Assignment:
Copy nothing past the line containing "- ★ POKEMON". Transcribe every line of the listing below up to and including it, from the first, except pictures.

Raw data:
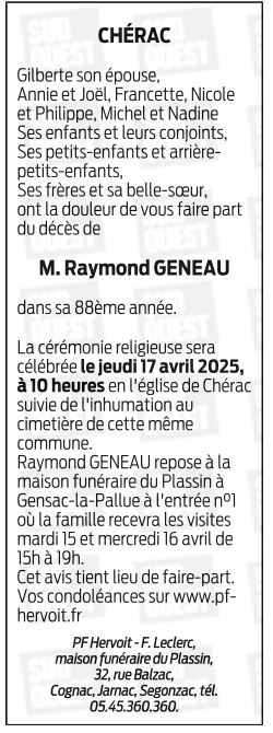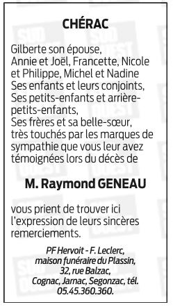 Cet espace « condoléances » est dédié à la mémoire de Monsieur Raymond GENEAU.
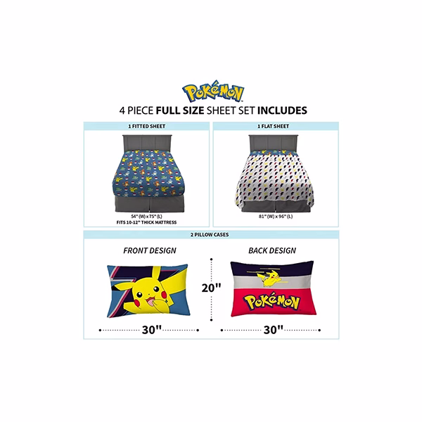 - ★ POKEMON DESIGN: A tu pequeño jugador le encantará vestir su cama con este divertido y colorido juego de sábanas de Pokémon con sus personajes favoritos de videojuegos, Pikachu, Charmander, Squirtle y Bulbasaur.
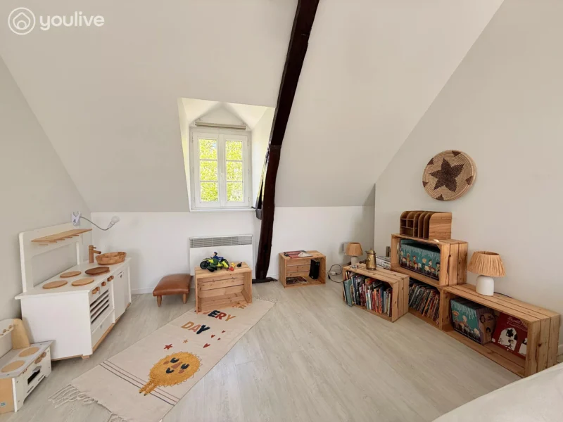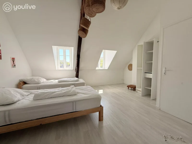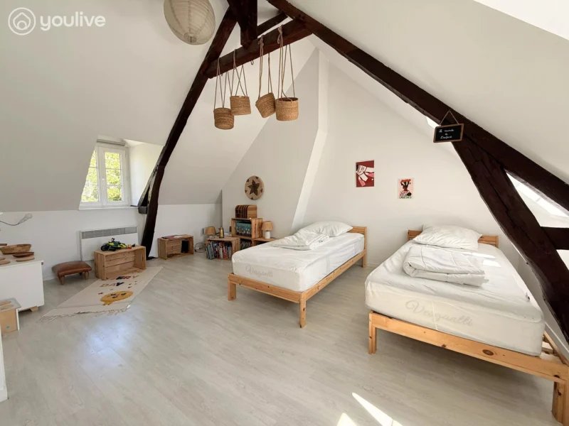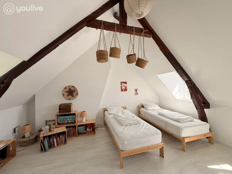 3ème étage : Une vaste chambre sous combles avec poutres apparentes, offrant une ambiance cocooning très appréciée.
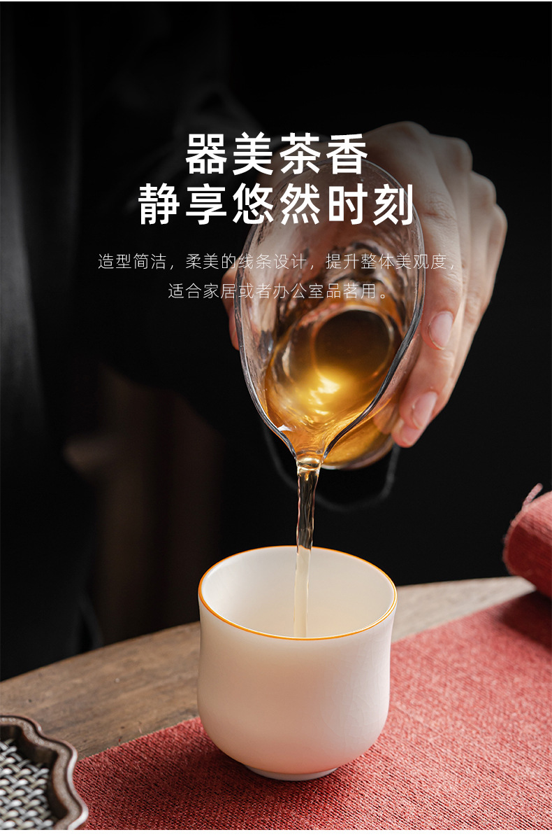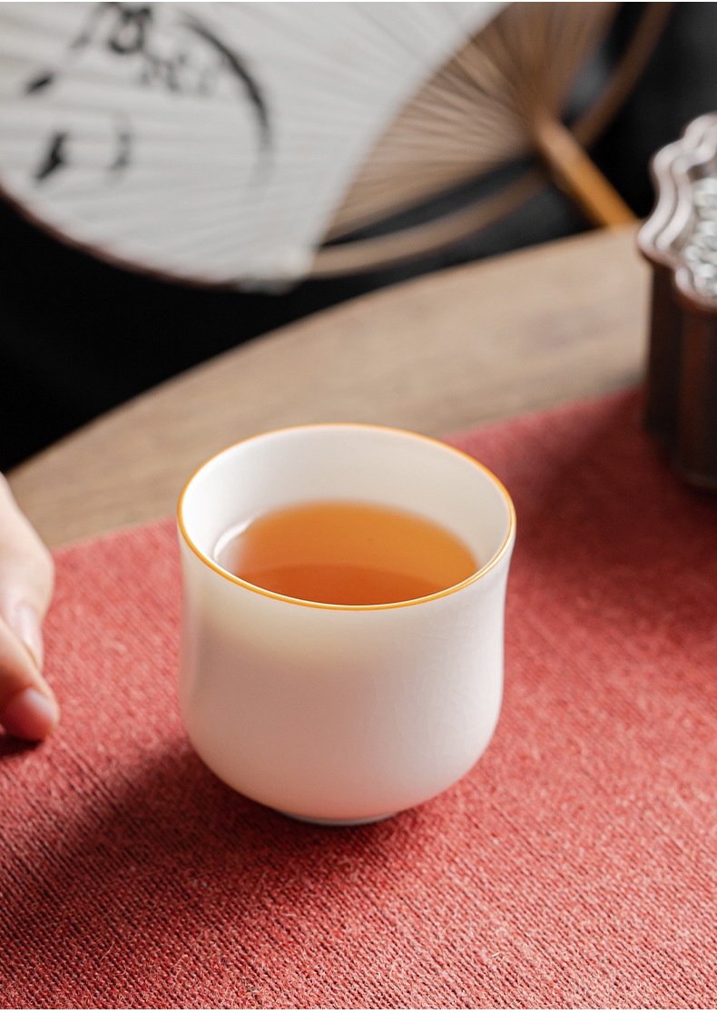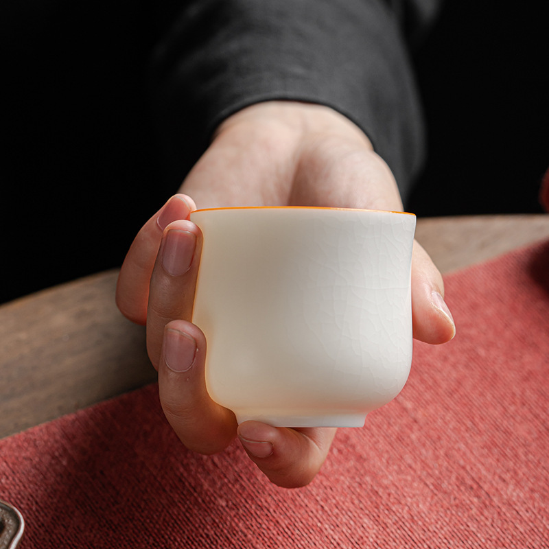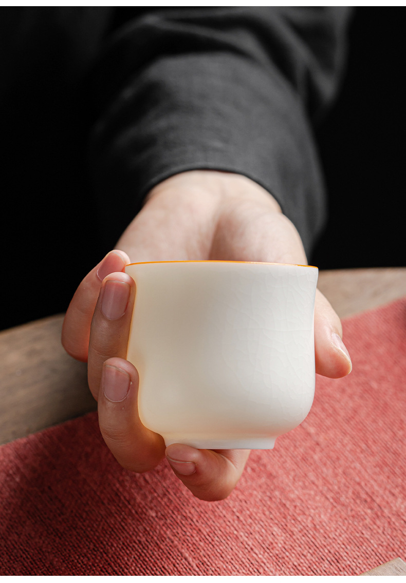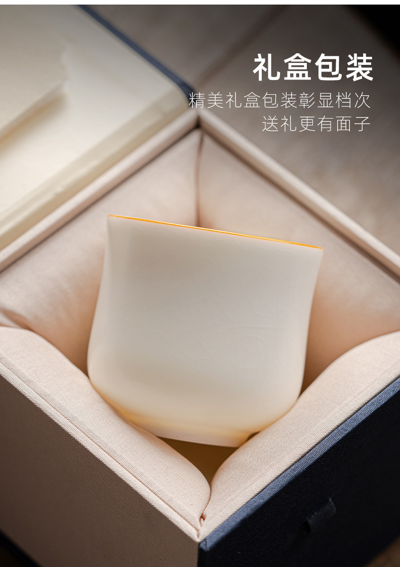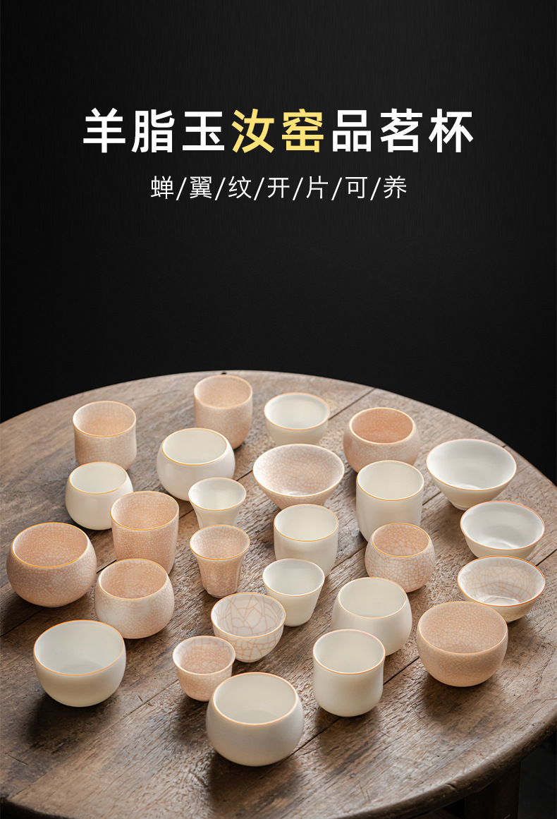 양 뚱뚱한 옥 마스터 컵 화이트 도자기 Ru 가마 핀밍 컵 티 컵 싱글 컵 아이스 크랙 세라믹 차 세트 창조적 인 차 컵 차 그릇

Result of the task:
 Cet espace « condoléances » est dédié à la mémoire de Monsieur Raymond GENEAU.
 - ★ POKEMON DESIGN: A tu pequeño jugador le encantará vestir su cama con este divertido y colorido juego de sábanas de Pokémon con sus personajes favoritos de videojuegos, Pikachu, Charmander, Squirtle y Bulbasaur.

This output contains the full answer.